[DATASET SECTION]

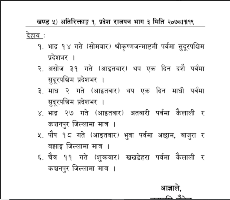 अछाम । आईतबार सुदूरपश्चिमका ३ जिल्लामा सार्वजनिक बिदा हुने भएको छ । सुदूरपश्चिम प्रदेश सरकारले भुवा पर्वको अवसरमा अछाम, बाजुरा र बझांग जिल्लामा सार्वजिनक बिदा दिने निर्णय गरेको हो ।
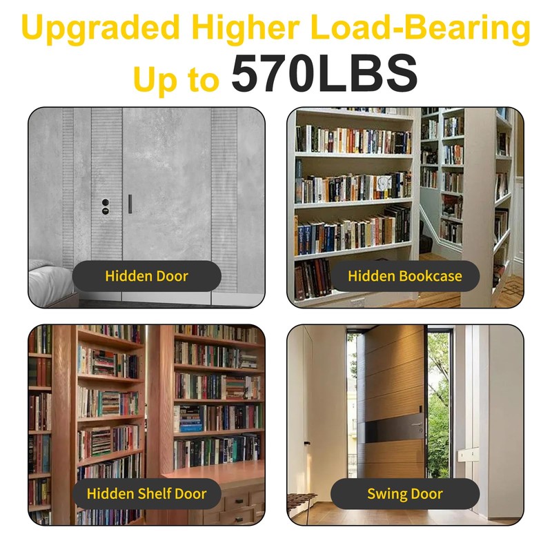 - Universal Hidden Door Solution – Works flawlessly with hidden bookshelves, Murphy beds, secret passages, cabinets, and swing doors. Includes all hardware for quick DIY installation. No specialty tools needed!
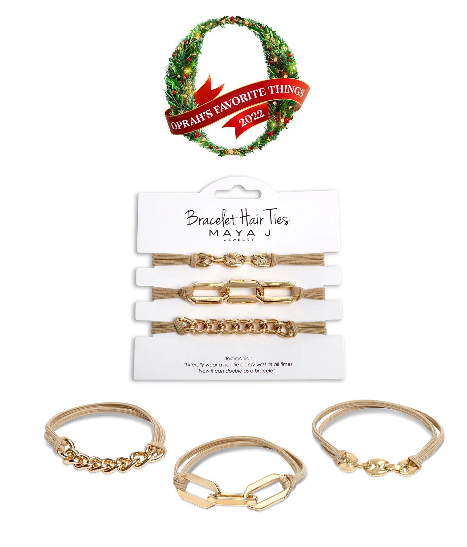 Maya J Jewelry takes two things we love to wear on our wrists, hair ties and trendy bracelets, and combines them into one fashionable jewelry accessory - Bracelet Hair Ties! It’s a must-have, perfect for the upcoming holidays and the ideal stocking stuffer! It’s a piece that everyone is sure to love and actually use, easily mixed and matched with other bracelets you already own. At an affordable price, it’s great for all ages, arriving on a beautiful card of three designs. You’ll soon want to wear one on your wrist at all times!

[PROMPT] Repeat the listing above in full, exactly, and omit its pictures.

[RESPONSE AREA]
 अछाम । आईतबार सुदूरपश्चिमका ३ जिल्लामा सार्वजनिक बिदा हुने भएको छ । सुदूरपश्चिम प्रदेश सरकारले भुवा पर्वको अवसरमा अछाम, बाजुरा र बझांग जिल्लामा सार्वजिनक बिदा दिने निर्णय गरेको हो ।
 - Universal Hidden Door Solution – Works flawlessly with hidden bookshelves, Murphy beds, secret passages, cabinets, and swing doors. Includes all hardware for quick DIY installation. No specialty tools needed!
 Maya J Jewelry takes two things we love to wear on our wrists, hair ties and trendy bracelets, and combines them into one fashionable jewelry accessory - Bracelet Hair Ties! It’s a must-have, perfect for the upcoming holidays and the ideal stocking stuffer! It’s a piece that everyone is sure to love and actually use, easily mixed and matched with other bracelets you already own. At an affordable price, it’s great for all ages, arriving on a beautiful card of three designs. You’ll soon want to wear one on your wrist at all times!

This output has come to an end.